[Start of section]

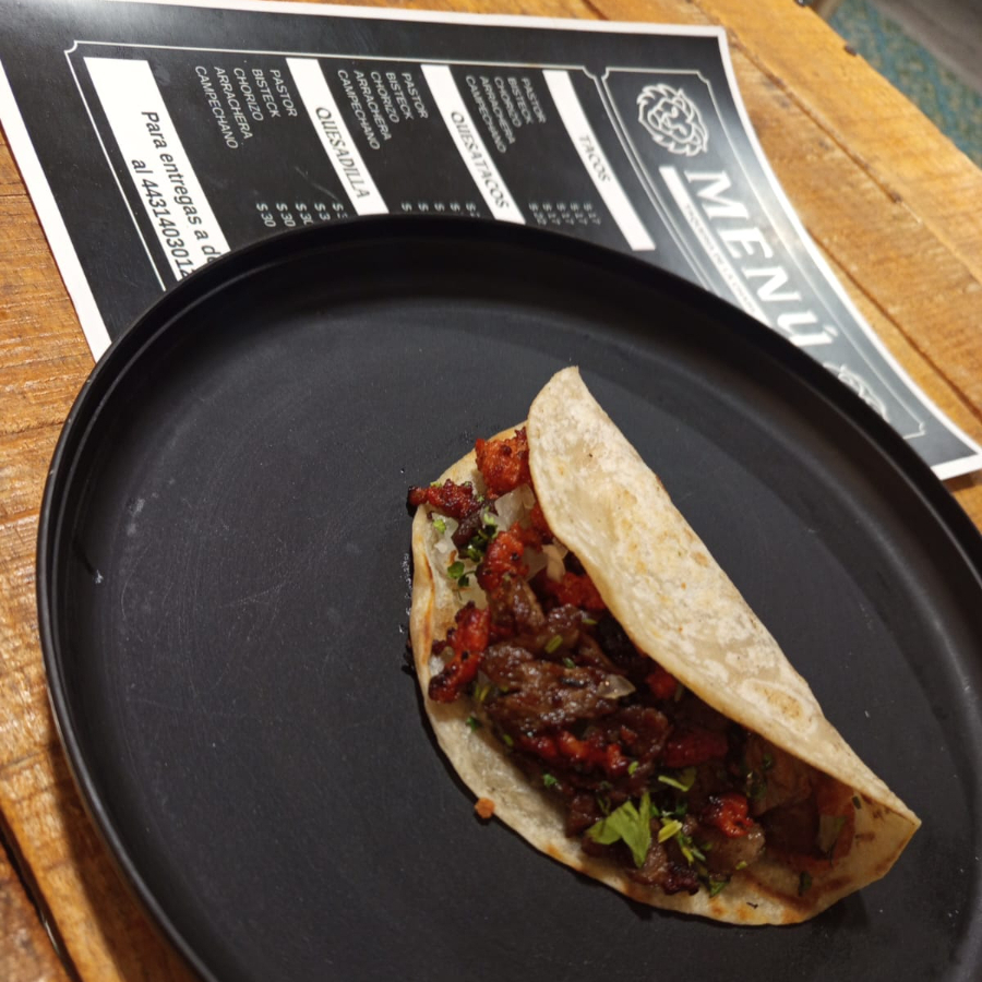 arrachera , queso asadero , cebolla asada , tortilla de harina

[End of section]
[Start of section]

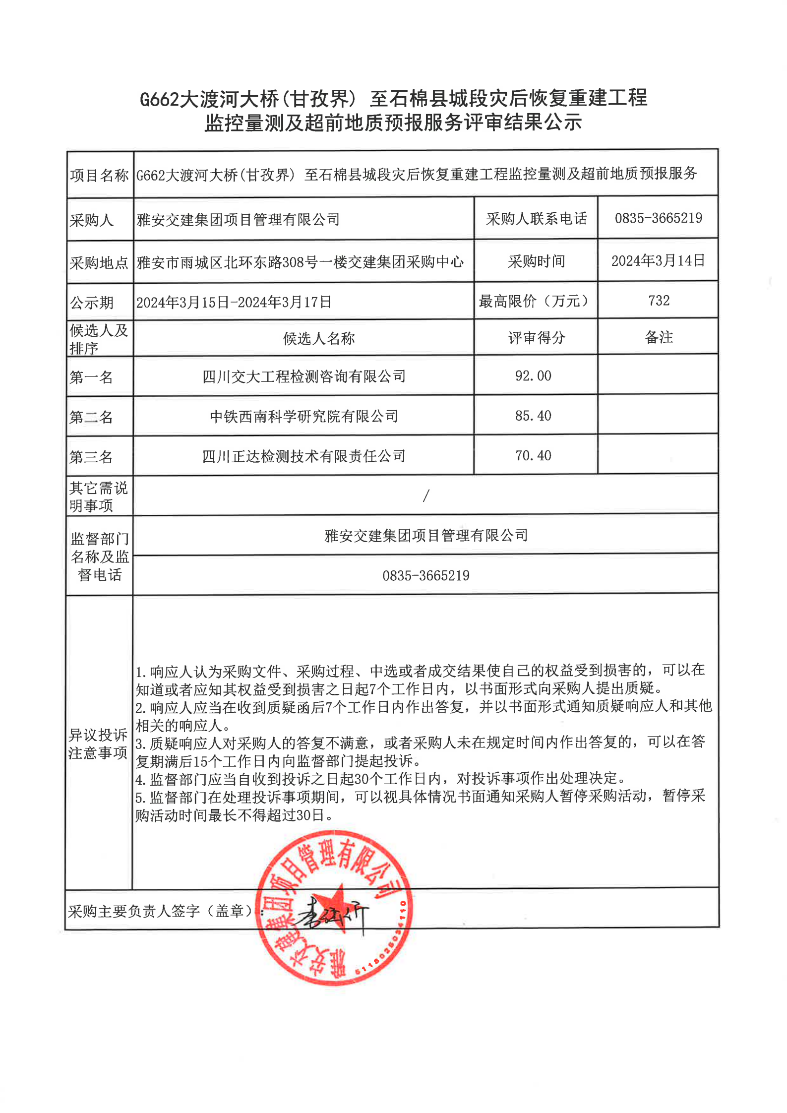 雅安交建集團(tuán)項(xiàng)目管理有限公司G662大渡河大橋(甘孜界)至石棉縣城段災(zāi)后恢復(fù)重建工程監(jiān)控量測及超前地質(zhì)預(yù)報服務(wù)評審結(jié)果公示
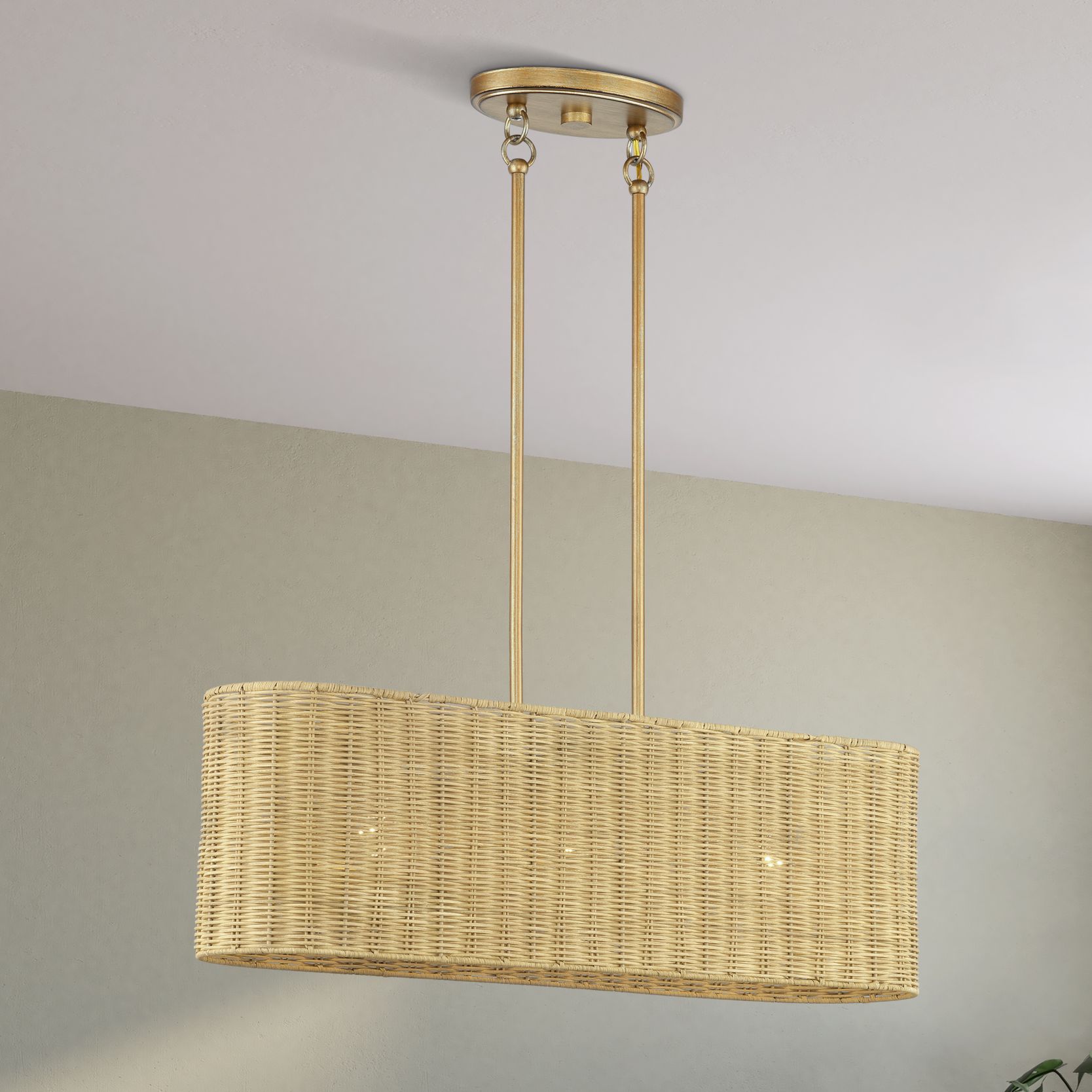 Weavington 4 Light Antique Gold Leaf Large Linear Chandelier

[End of section]

• **Try it**
Find the line with "雅安交建集團(tuán)項(xiàng)" in the data above, and from there retype each line exactly through the line with "Weavington 4 Light", skipping the pictures along the way.

• **Finished exercise**
 雅安交建集團(tuán)項(xiàng)目管理有限公司G662大渡河大橋(甘孜界)至石棉縣城段災(zāi)后恢復(fù)重建工程監(jiān)控量測及超前地質(zhì)預(yù)報服務(wù)評審結(jié)果公示
 Weavington 4 Light Antique Gold Leaf Large Linear Chandelier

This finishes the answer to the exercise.